WHAT IS REQUIRED: The answer required is how many lines of the following entries contain the word "football", with no other words.

Dataset excerpts:

- - -

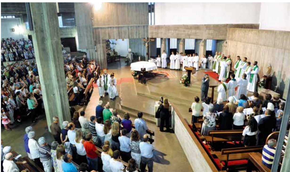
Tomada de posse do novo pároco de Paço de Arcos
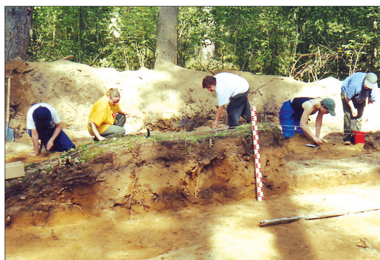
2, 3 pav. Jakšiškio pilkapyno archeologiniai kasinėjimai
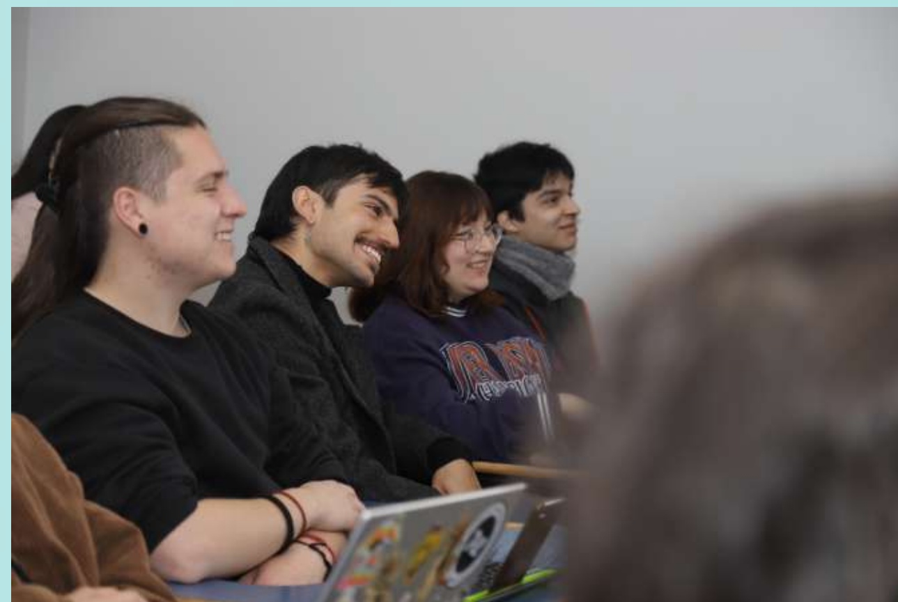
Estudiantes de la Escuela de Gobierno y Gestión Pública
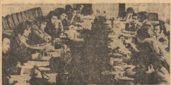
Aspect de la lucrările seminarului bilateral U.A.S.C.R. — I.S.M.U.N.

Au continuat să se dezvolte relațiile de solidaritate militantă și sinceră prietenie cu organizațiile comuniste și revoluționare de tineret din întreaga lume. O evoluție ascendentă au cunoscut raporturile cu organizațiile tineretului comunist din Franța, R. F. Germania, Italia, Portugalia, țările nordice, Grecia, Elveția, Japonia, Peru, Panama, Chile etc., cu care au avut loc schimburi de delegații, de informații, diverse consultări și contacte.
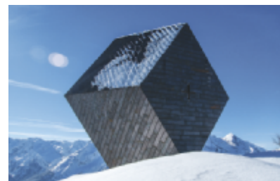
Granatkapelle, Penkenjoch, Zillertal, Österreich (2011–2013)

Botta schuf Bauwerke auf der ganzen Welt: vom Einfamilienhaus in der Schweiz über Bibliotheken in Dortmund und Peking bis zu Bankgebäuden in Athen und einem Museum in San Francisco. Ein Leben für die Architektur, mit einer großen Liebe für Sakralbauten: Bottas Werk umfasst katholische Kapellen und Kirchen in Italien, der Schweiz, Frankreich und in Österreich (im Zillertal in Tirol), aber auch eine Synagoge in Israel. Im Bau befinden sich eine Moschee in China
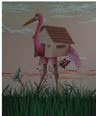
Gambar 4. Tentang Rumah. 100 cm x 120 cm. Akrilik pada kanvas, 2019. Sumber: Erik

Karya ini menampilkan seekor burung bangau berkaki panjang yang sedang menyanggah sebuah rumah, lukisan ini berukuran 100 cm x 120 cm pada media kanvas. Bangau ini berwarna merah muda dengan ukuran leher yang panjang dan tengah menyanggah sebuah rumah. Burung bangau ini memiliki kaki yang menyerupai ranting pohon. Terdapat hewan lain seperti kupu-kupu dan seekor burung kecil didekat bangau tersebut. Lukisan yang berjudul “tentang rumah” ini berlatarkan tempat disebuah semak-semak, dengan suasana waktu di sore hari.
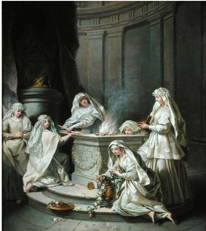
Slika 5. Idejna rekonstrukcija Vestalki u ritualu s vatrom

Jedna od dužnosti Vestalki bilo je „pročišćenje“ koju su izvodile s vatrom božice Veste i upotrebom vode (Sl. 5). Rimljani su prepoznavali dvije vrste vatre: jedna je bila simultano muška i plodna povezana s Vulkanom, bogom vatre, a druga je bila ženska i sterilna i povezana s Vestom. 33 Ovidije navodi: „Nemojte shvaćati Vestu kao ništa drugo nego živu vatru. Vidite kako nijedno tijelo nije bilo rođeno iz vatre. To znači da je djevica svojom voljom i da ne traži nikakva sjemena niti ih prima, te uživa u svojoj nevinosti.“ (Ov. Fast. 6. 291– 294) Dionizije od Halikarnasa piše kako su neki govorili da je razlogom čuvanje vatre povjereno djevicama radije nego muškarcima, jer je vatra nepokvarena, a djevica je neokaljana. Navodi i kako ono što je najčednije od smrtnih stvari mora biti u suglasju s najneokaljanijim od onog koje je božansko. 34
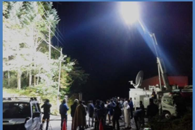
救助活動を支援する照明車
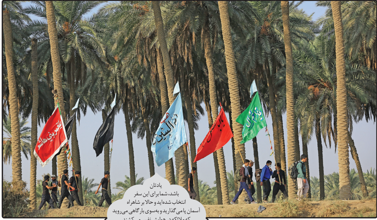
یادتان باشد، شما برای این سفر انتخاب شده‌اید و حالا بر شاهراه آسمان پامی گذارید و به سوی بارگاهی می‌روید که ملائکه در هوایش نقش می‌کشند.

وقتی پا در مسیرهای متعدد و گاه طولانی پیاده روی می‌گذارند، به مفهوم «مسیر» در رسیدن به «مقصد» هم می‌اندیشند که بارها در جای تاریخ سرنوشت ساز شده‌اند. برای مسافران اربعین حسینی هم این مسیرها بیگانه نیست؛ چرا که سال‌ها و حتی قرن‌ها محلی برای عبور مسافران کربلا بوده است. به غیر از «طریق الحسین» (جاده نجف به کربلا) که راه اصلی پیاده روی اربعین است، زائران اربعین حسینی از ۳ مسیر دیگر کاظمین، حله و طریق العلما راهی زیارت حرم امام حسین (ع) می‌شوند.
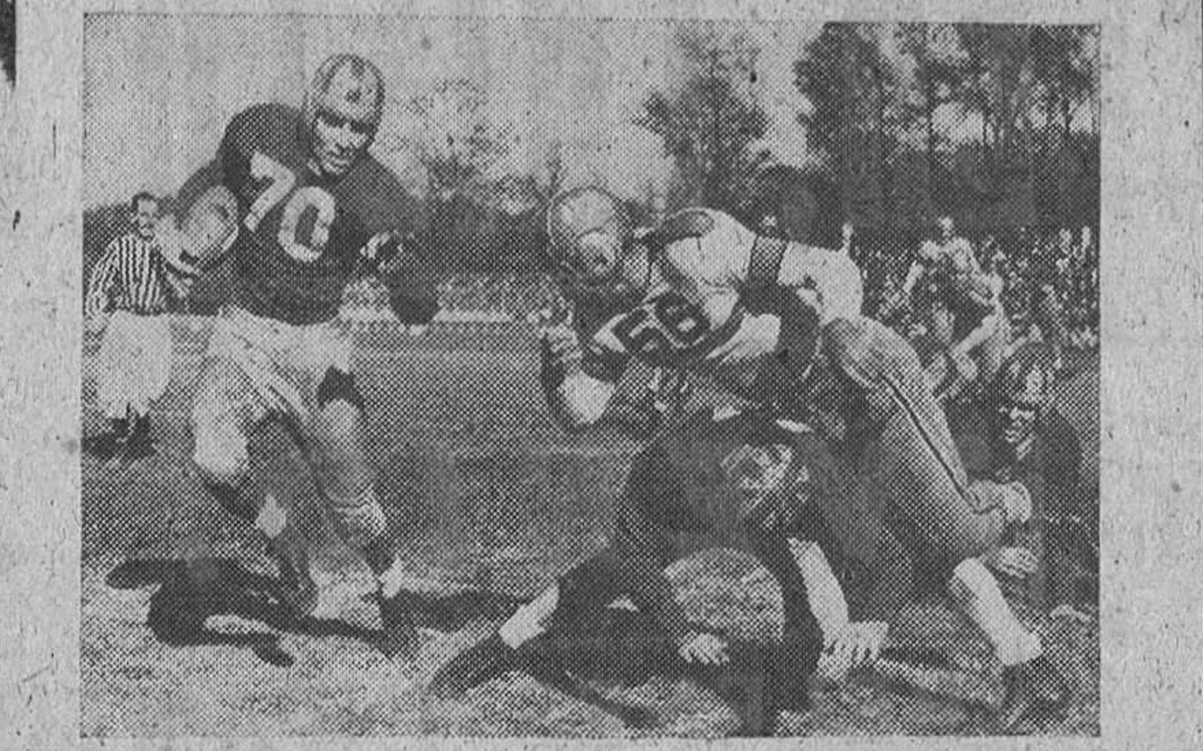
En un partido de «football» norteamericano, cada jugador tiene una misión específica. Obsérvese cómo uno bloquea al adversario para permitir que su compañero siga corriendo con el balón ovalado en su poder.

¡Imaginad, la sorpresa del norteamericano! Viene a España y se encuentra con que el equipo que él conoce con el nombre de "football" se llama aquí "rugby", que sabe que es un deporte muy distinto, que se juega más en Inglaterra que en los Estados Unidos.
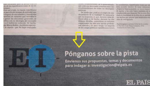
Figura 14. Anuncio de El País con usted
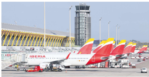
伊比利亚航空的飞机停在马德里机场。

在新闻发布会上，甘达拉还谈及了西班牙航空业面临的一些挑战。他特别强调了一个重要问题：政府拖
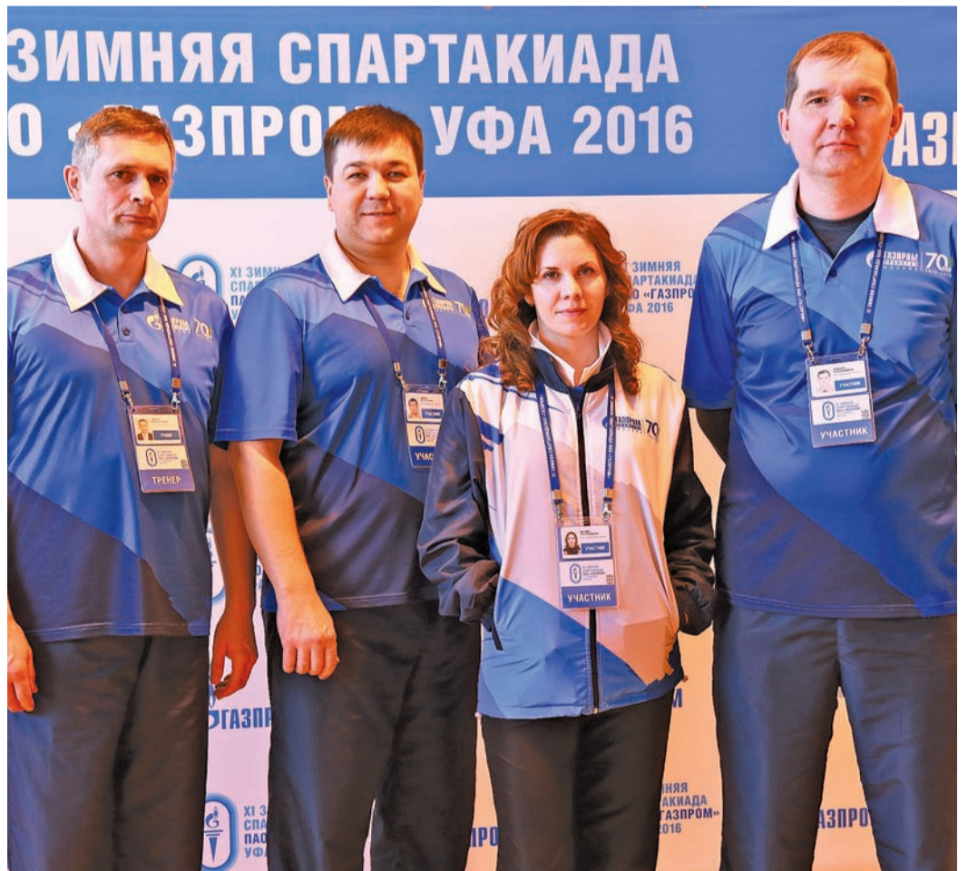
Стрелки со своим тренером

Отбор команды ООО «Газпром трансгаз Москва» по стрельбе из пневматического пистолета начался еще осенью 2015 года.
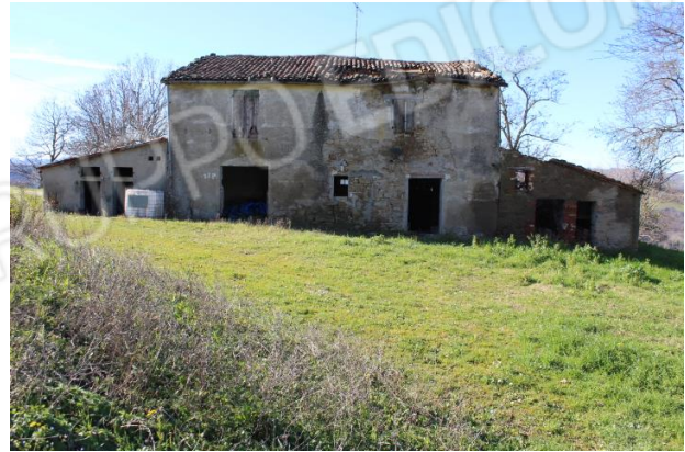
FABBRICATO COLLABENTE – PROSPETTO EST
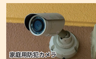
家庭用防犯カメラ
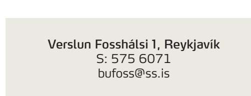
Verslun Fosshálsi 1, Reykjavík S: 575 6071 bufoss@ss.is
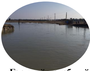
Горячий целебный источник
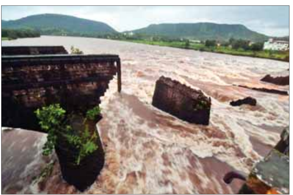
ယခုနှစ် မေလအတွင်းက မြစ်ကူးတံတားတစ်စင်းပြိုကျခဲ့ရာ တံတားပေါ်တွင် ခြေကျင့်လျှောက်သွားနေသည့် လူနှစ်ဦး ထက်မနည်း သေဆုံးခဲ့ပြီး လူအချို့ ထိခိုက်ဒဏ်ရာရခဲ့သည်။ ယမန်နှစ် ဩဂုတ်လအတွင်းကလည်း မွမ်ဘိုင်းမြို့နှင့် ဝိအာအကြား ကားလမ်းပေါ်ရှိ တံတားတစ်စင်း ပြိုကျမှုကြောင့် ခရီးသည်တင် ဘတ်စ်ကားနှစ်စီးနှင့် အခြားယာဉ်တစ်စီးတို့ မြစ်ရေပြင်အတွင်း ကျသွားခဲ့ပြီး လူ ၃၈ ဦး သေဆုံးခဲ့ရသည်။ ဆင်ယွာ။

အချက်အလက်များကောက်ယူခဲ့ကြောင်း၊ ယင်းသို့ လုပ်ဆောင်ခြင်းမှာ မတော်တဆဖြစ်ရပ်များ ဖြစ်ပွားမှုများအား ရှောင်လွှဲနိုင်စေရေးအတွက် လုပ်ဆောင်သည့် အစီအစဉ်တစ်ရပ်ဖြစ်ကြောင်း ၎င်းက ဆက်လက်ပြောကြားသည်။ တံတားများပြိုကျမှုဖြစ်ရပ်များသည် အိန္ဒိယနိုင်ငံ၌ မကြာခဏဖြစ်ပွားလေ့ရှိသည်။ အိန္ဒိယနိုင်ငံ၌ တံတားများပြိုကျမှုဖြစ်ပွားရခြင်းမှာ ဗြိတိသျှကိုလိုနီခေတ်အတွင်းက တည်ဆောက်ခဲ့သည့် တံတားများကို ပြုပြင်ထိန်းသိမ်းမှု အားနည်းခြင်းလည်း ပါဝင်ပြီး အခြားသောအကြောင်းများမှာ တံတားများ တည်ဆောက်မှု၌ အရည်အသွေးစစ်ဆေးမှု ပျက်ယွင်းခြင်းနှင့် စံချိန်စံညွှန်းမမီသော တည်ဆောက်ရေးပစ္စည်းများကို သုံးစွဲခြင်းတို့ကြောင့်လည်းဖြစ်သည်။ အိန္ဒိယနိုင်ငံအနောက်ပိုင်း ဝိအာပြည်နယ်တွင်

- - -

THE COMPLETED TASK: 2